▸ **Given material**:
----
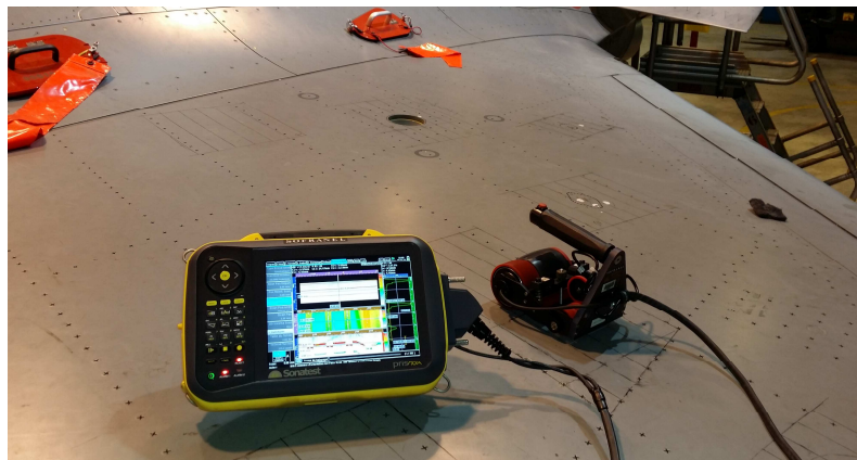
Figure 1.2 Contrôle ultrasonore d'une aile d'avion (SOFRANEL)

Dans un contexte de qualité qui impose la recherche et l'identification de défauts toujours plus petits, sur des matériaux de structure (acier austénitique, matériau composite, béton, etc.) de plus en plus complexes, ces limites intrinsèques peuvent entraîner des difficultés de contrôle parfois insurmontables. Le terme « matériaux de structure » est employé ici pour qualifier des matériaux réels dont la réponse au contrôle n'est pas équivalente à celle d'un matériau parfait. Cette convention est classiquement utilisée dans le domaine du CND.
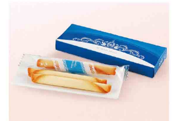
B052607 〈ヨックモック〉シガール 税込 270 円(本体価格250円) 3本入/箱サイズ:約17.5×6.5×2.0cm 賞味期限:製造日から60日間 ※受注生産のため、14日前まで にご予約ください。※ご予約後、数量変更はお受けできません。
----
▸ **What this task involves**:
Please repeat the data above exactly as it appears, pictures excluded.

▸ **Your solution**:
Figure 1.2 Contrôle ultrasonore d'une aile d'avion (SOFRANEL)

Dans un contexte de qualité qui impose la recherche et l'identification de défauts toujours plus petits, sur des matériaux de structure (acier austénitique, matériau composite, béton, etc.) de plus en plus complexes, ces limites intrinsèques peuvent entraîner des difficultés de contrôle parfois insurmontables. Le terme « matériaux de structure » est employé ici pour qualifier des matériaux réels dont la réponse au contrôle n'est pas équivalente à celle d'un matériau parfait. Cette convention est classiquement utilisée dans le domaine du CND.
B052607 〈ヨックモック〉シガール 税込 270 円(本体価格250円) 3本入/箱サイズ:約17.5×6.5×2.0cm 賞味期限:製造日から60日間 ※受注生産のため、14日前まで にご予約ください。※ご予約後、数量変更はお受けできません。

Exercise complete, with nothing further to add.